Exercise prompt: An exact transcription of all the data is required; the pictures are to be left out.

Recorded information:
_ _ _ _ _

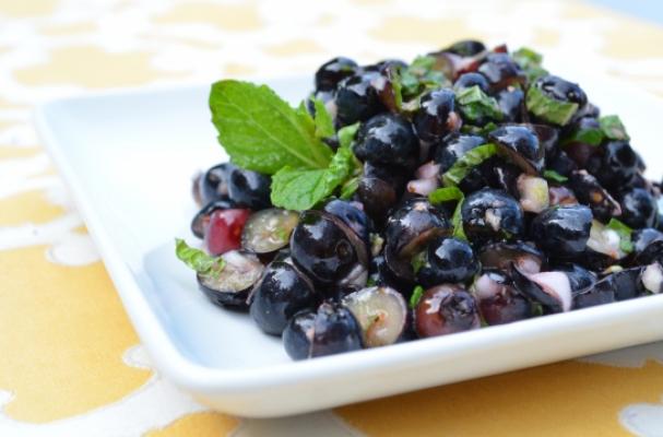 A savory blueberry salsa combined with spicy ginger, fresh mint or cilantro, aromatic shallots and perfect over grilled fish or poultry. A lovely summer dish.
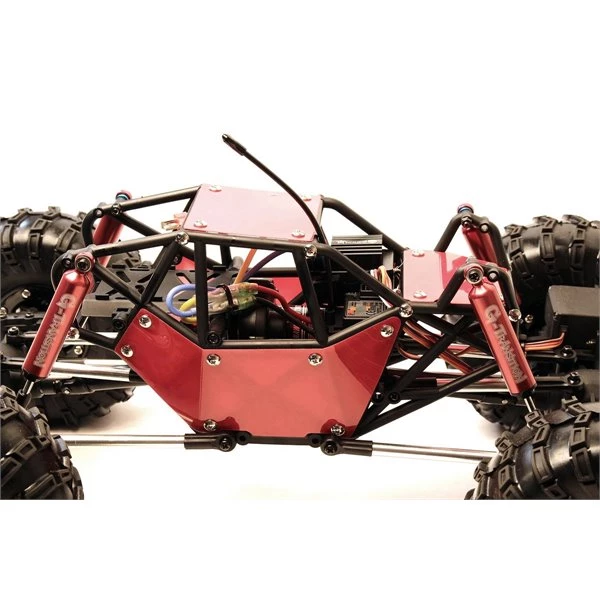 The RTR R1 rock buggy is now equipped with 2.4GHz radio system, 27T RS-540, Brushed ESC with instant reverse and drag brakes, plus a high torque metal geared servo. Add those to the R1’s already impressive list of features such as a light weight tube chassis design, heavy duty portal axles for high strength and higher ground clearance. The G-Transition shocks allow you to custom tune your suspension setup for terrain ranging form smooth slick rock to boulders. With 4-link suspension, 2.2 beadlock wheels, and Bighorn Tires the R1 RTR will tame your trails.
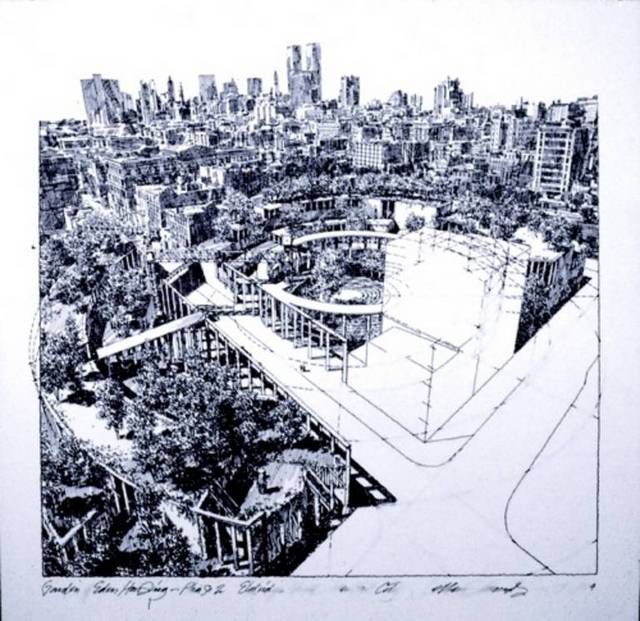 More than 30 architects, including Lebbeus Woods, Neil Denari, Shin Takamatsu, Diller+Scofidio, Imre Makovicz, Dan Coma, BA BA ARC and others, submitted proposals to the exhibition. Spanning conceptual sketches to extensive designs, these submissions explored strategies that positioned the garden as a public amenity with the potential to improve the city’s public housing plan for the site.
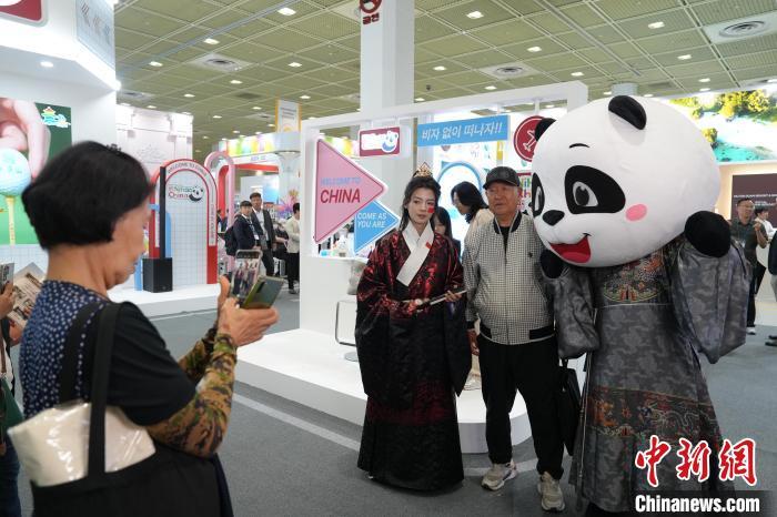 當(dāng)?shù)貢r間6月5日,觀眾在首爾國際旅游展中國主題展區(qū)與“熊貓人”合影。中新網(wǎng)記者 劉旭 攝

_ _ _ _ _

Your response:
 A savory blueberry salsa combined with spicy ginger, fresh mint or cilantro, aromatic shallots and perfect over grilled fish or poultry. A lovely summer dish.
 The RTR R1 rock buggy is now equipped with 2.4GHz radio system, 27T RS-540, Brushed ESC with instant reverse and drag brakes, plus a high torque metal geared servo. Add those to the R1’s already impressive list of features such as a light weight tube chassis design, heavy duty portal axles for high strength and higher ground clearance. The G-Transition shocks allow you to custom tune your suspension setup for terrain ranging form smooth slick rock to boulders. With 4-link suspension, 2.2 beadlock wheels, and Bighorn Tires the R1 RTR will tame your trails.
 More than 30 architects, including Lebbeus Woods, Neil Denari, Shin Takamatsu, Diller+Scofidio, Imre Makovicz, Dan Coma, BA BA ARC and others, submitted proposals to the exhibition. Spanning conceptual sketches to extensive designs, these submissions explored strategies that positioned the garden as a public amenity with the potential to improve the city’s public housing plan for the site.
 當(dāng)?shù)貢r間6月5日,觀眾在首爾國際旅游展中國主題展區(qū)與“熊貓人”合影。中新網(wǎng)記者 劉旭 攝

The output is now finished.